Spacing, the strategy which consists of spreading your learning over a period of time, has consistently been found to be an effective learning technique. Similarly, interleaving, which involves mixing up topics when studying, is another effective learning strategy.
These two learning techniques have often been confused as the same strategy, but although interleaving involves spacing, not all spacing is interleaving. There are many important difference between the two – and a new one was recently found.
In a recent review, researchers found there was a link between spacing and Cognitive Load Theory, which focuses on how to present information to learners, but that interleaving was caused by a separate mechanism.
Let’s take a closer look at what these principles are and what the research shows…
What is Cognitive Load Theory?
Cognitive Load Theory emphasises the fact that our working memory has a limited capacity. When students are presented with too much new information at one time, it can lead to cognitive overload. This overload hinders the learning process, as the information is less likely to be transferred to students’ long-term memory.
Applying Cognitive Load Theory to the classroom can help reduce the likelihood of a cognitive overload. This allows students to benefit more from the lesson, as they are given a more focused approach to learning.
What is Spacing?
Spacing is a learning technique whereby students spread out their learning, rather than cram it all in one go. Research has constantly shown the benefits of studying little and often, with one study finding that those who spaced out their learning scored higher on average (74%) compared to those who crammed their revision (49%).
Some researchers suggest that spacing is effective because the rest-from-deliberate-learning allows students to almost forget the information. Therefore, when it comes to revisiting it, students require a more focused and effortful approach. However, other research suggests that the reason behind this is to do with our cognitive effort being replenished during this rest. In reality, there is truth in both explanations.
But what does it have to do with Cognitive Load Theory?
The link between spacing and Cognitive Load Theory
In this systematic review, researchers investigated whether spacing and interleaving have distinct causes by analysing over 100 studies.
The researchers found that spacing is a cognitive load effect and relies on the rest between learning.
When learning, the cognitive effort used for one task reduces the working memory resources available for the following task. This is called the “Depletion Effect” – however, having a period of rest from learning replenishes the resources available. Therefore, students benefit and process more information when spacing out their learning as these resources are restored, in comparison to cramming all the information at once.

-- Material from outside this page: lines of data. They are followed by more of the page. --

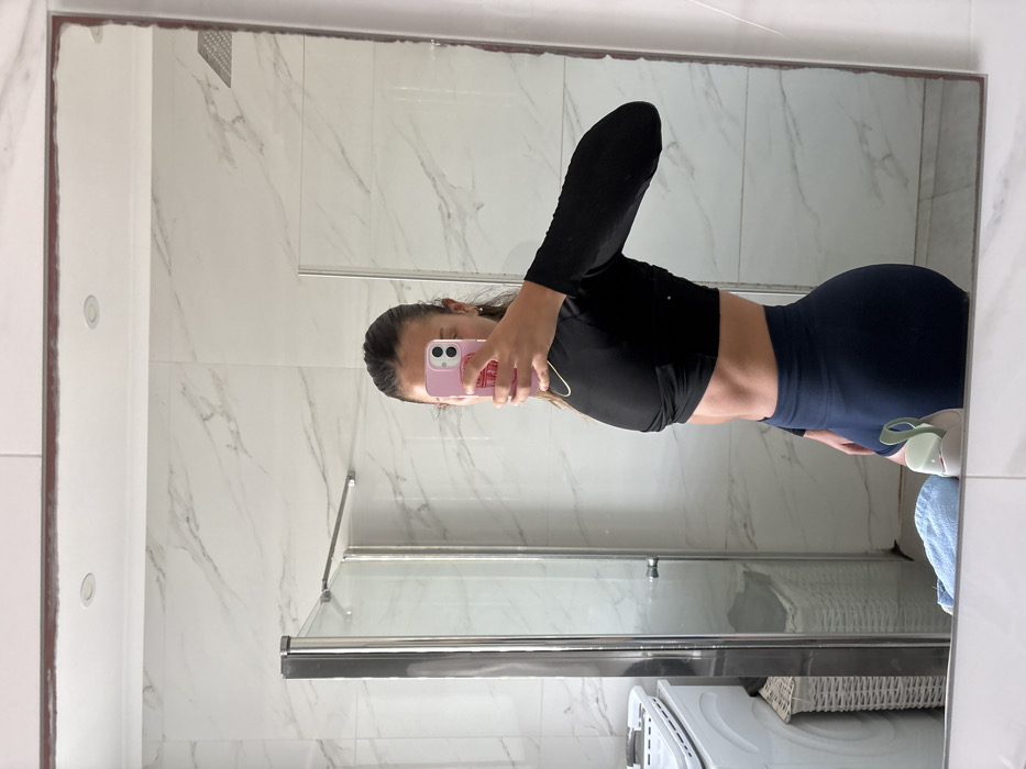 A female individual is depicted taking a mirror selfie in a modern bathroom, located in Rishon LeZion, Israel. The subject, with dark hair pulled back, is partially obscured by a pink-cased smartphone held to her face. She wears a black long-sleeved cropped top, exposing her midriff, and dark blue form-fitting shorts or leggings. A thin gold necklace is visible. The bathroom features white marble-patterned wall tiles and a white ceiling with two recessed spotlights. Reflected in the mirror to the left is a glass shower enclosure with metal framing, and a white washing machine beside a woven laundry hamper. A light blue towel is visible on the floor in the lower left. A square rain showerhead is reflected on the tiled wall behind the subject's right side.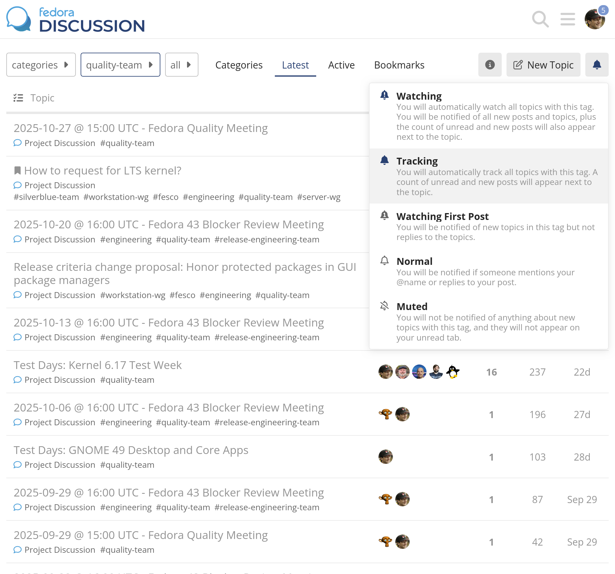 At Fedora Discussion you can find our topics under the quality team tag. (You can also subscribe to this tag, when logged in. Click the bell icon and pick Tracking).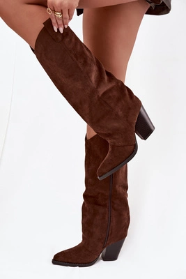 Ocieplane Kozaki Kowbojki Na Słupku Z Eko Zamszu Czekoladowe Mavine
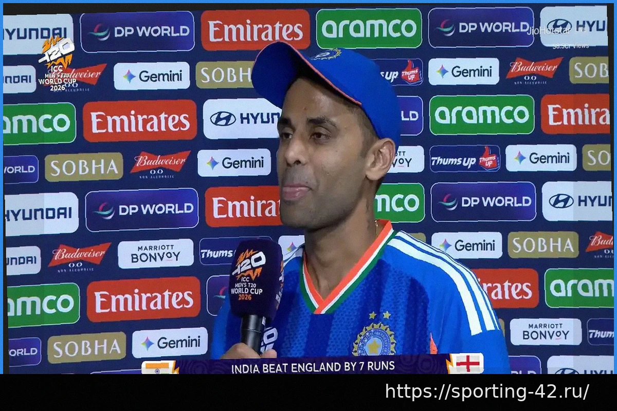 Победа в полуфинале Кубка мира T20 на домашнем поле стала особым моментом для Сурьякумара Ядава. 5 марта Индия одержала победу над Англией с разницей в 7 пробегов, обеспечив себе место в финале.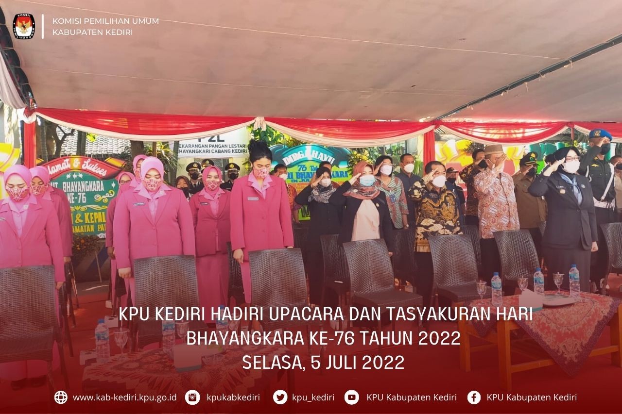 Kediri, kab-kediri.kpu.go.id - Selasa (5/7/2022) Pukul 07.30 WIB bertempat di lapangan Indoor Mapolres Kediri, Jl. PB. Sudirman No. 56, Pare, Ketua KPU Kabupaten Kediri, Ninik Sunarmi menghadiri Upacara dan Tasyakuran Hari Bhayangkara Ke-76 Tahun 2022. HUT Bhayangkara ke-76 di Polres Kediri ini juga di ikuti oleh Bupati Kediri Hanindhito Himawan Pramana dan seluruh jajaran Forkopimda Kabupaten Kediri serta anggota polisi di Kabupaten Kediri. Dalam kegiatan ini, Kapolres Kediri AKBP Agung Setyo Nugroho menyatakan untuk siap dikritik demi memberikan pelayanan terbaik kepada masyarakat Kabupaten Kediri. Lebih lanjut, Kapolres Kediri menyampaikan, kegiatan HUT Bhayangkara ini dilanjutkan dengan tasyakuran, bakti sosial, dan olahraga. Kemudian, sesuai arahan dari Kapolri Jenderal Listyo Sigit Prabowo sebagai Polri presisi sehingga kedepannya akan memaksimalkan layanan yang ada di Polres Kediri. "Saya sampaikan di HUT Bhayangkara ke 76 ini, kita juga tidak anti kritik, tapi siap dikritik. Ini demi kebaikan pelayanan Polres Kediri kepada masyarakat,” jelasnya. Bahkan, kata dia, yang perlu dibenahi ada banyak hal terutama yang dirasakan oleh masyarakat dalam kegiatan pelayanan khususnya anggota ketika menjalankan tugas di lapangan bagaimana etikanya menyampaikan kepada masyarakat walaupun harus tetap senyum dan disiplin pelayanan harus cepat dalam internal Polres Kediri. “Pastinya kita bersinergi dengan teman-teman, media masyarakat, tokoh agama dan pemerintah Kabupaten Kediri dalam perekonomian semakin meningkat dan menjaga kamtibmas,” pungkasnya. Acara puncak HUT ke-76 Bhayangkara ini digelar di Akpol Semarang. Kegiatan itu diikuti jajaran Polda dan Polres baik secara langsung maupun virtual yang dipimpin langsung Presiden Joko Widodo. (don)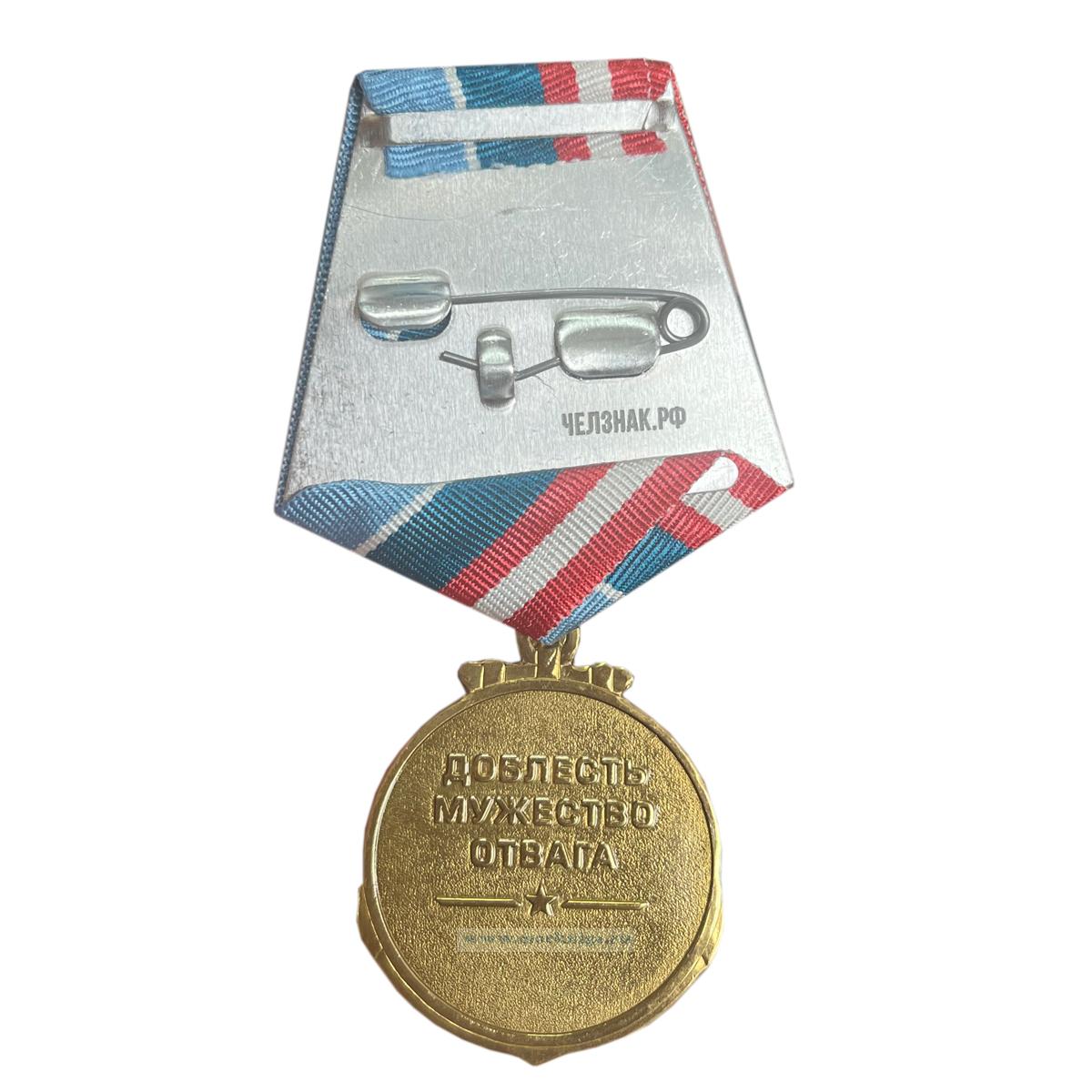 Реверс оформлен лаконично. В центре поля надпись в три строки "доблесть", "мужество", "отвага". Ниже полоса, разделенная в центре пятиконечной звездой.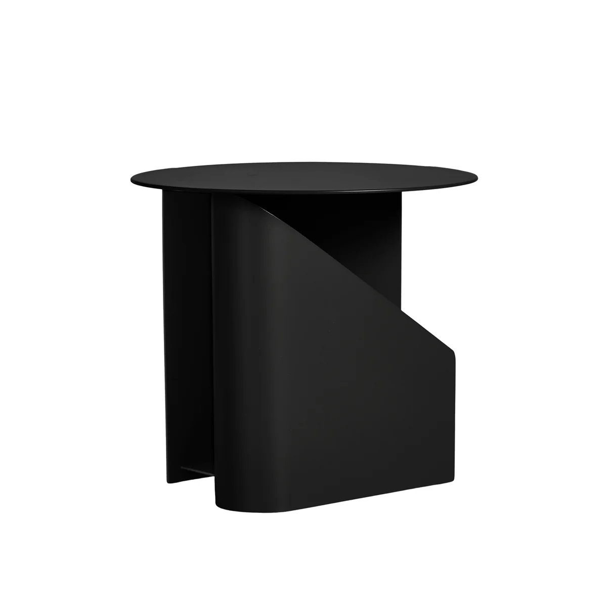 The reduced side table is made of powder-coated metal and is available in different colours.

This is also shown in another study, where students took a working memory capacity test after cramming or spacing out their learning. The researchers found that those who crammed their learning performed worse on their final test, and more importantly, had lower scores on their working memory capacity test compared to those who used spacing. This therefore emphasises the fact that spacing is an effective learning technique as it allows working memory resources to be recovered during these periods of rest.
The difference between spacing and interleaving
Another effective learning technique often misinterpreted as spacing is interleaving. This strategy involves mixing up topics within the same subject instead of fully covering one topic before moving onto the next.
Despite both techniques involving leaving a gap between each learning session on a given topic, they are distinctly different. Spacing involves a complete rest from learning, whereas interleaving requires students to simply switch from one topic to another.
But there’s more: in the above review, the researchers found that these two learning techniques are theoretically different. Interleaving is not a cognitive load effect but is explained by the discriminative-contrast hypotheses which suggests that students benefit from distinguishing between the two different topics. When interleaving, students are prompted to think about the differences and similarities between the topics, allowing them to engage more with it.
How should you know which technique to use?
Well, spacing is best used when students need a mental rest from learning. It could be used when learning a challenging topic. This will allow students’ cognitive load capacity to recover and help them process the information better. Using spacing is also beneficial for long-term memory, so it can be easily implemented into students’ study schedule.
Interleaving is best used when they have related topics to learn as it allows students to distinguish the similarities and differences between the two. Doing this helps them think harder about the topics and reflect more on which strategies they need to focus on.
Despite spacing and interleaving appearing similar at first, they are theoretically different. Spacing is a cognitive load effect, with the deliberate-periods-of-rest allowing students’ working memory resources to recover.
Interleaving, however, occurs when students are prompted to focus on the differences between two topics. It allows them to discriminate between the topics, engaging and reflecting more with the material. Knowing how and when to use these different techniques can help students benefit the most from them.